Franken-Indie: My Keilabetto

I wasn’t sure whether this would be submissible for Franken-Indie, technically, I am not actually combining two sewing patterns, more a freebie crochet pattern with sewing instructions, and a freebie sewing pattern. But after consultation with those in charge, it is, and so I made sure to take it out of the work-in-progress-but-being-ignored pile and get cracking!

I have been doing quite a bit of crochet lately, and had the idea that I wanted to make a crochet yoke for a top, ready for summertime relaxing! This was a couple of months ago, turns out that as a novice crochet-er I didn’t really know where to start in order to design it. But then I found a freebie pattern on Ravelry. Sorted.

Keila Ravelry

It is constructed out of 3 squares and 2 triangles on the front and on the back, all joined together with edging, and then more along the bottom.

This was my little test square out of some old yarn in my stash:

Test Square

Not too tricky.

To crochet the yoke and trim, I used Patons Grace, a 100% Mercerized Cotton Yarn.

Blocked Yoke

To block it into shape, I just pinned it out on my ironing board and set my iron to the cotton setting with lots of steam. Simple but effective.

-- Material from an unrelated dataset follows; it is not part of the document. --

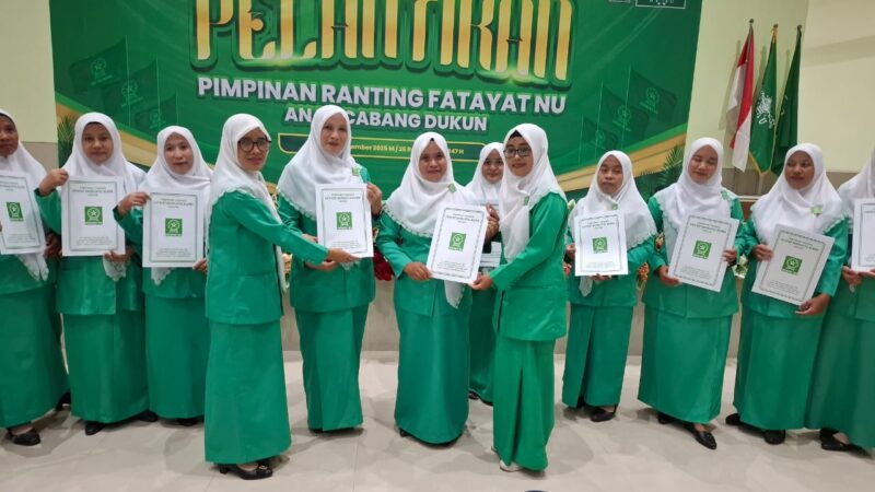 Sebanyak 33 Pimpinan Ranting Fatayat NU se-Ancab Dukun resmi dilantik di Aula KH Muhammad Hasyim Asy’ari Majelis Wakil Cabang NU Dukun, Jumat (19/9/2025).

The instructions in the pattern just say to cut two pieces of fabric, chest measurement plus 5-10cm by length you want plus seam allowance, sew them together at the sides, then use elastic to pull together the top at the yoke….. Tried it. It just wasn’t a glamorous look. This may have been due to the fabric I used, which didn’t really have a lot of drape, so the shape just looked a bit bleh.

And so…… it got consigned to….. The Pile.

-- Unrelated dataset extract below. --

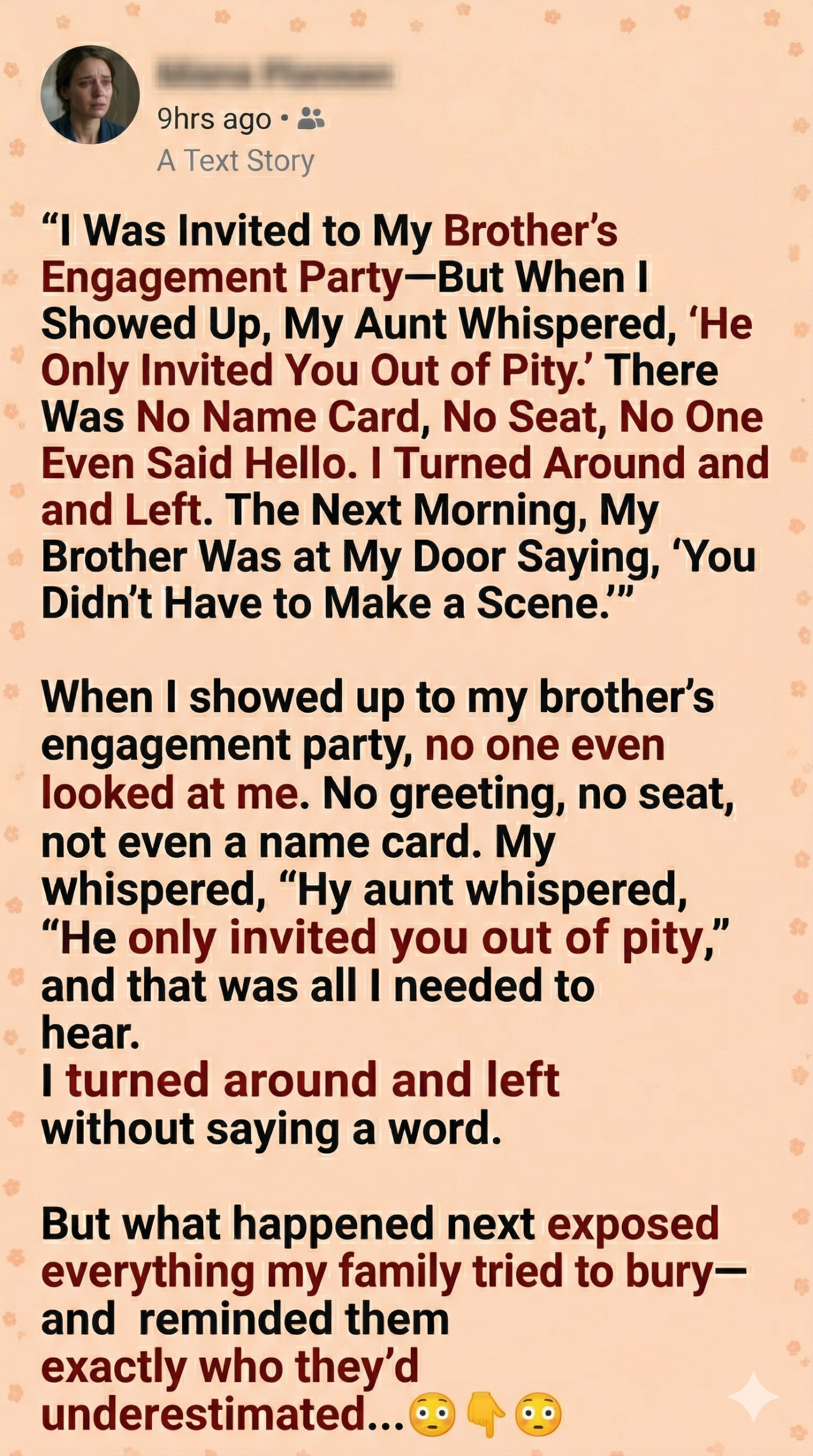I walked over to my desk and picked up a folder. “But last night, I realized I’ve been funding my own disappearance. If I’m a ‘pity invite’ at your engagement, I certainly shouldn’t be the guest of honor’s benefactor.”

But this week the challenge is Franken-Indie! Could I save it by combining it with something with a bit more something? I have previously used the freebie Colette Sorbetto pattern a few times. It’s my tried and tested sleeveless top pattern, so I decided to modify it slightly to make this bodice.

By measuring where I wanted the bust darts to be in relation to the yoke, I then adapted the pattern:

Pattern Modification

2 3/4″ from the top is where I needed the bust dart to end, so I folded over the pattern at this line, adding seam allowance and drawing these onto the fabric. As I had already cut into my fabric, I had limited width (and length, but width was more crucial) to work with, so when I sewed the pieces together at the sides, I had to taper out the seam allowance from the full 5/8″ at the bust, to 1/4″ at the bottom in order to fit it in. I tried it on, to check the fit, and check that the darts were in the right place:

Testing the fit


To maintain the length of the bodice, and stabilize the top and bottom edges, I finished them with some white bias tape.

To complete it, I just sewed the yoke and bottom edging on with lines of straight stitch.




Action shots? You betcha!


Yep, I took over the playground for pictures today.


No children were present.


I am really going to have to watch out for dodgy tan lines with this one!



  1. I love this! It looks so nice.

  2. Absolutely beautiful!! I can’t wait to learn to these crafty things. I think the poor Singer came to its end when I was practicing stitches on it. Looking to buy a new machine. ( exciting!) can I ask which one you have? My mum recommends a simple Janome.

    1. Mine is Grandma K’s Bernina 830. A trusty sidekick. Although Berninas tend to be expensive.

      1. Bernina is too good for me! I am thinking of Janome 2032/ J318 or the fanciest 525S! Hmmmm

      2. I think I might treat mine to a service soon. Poor thing.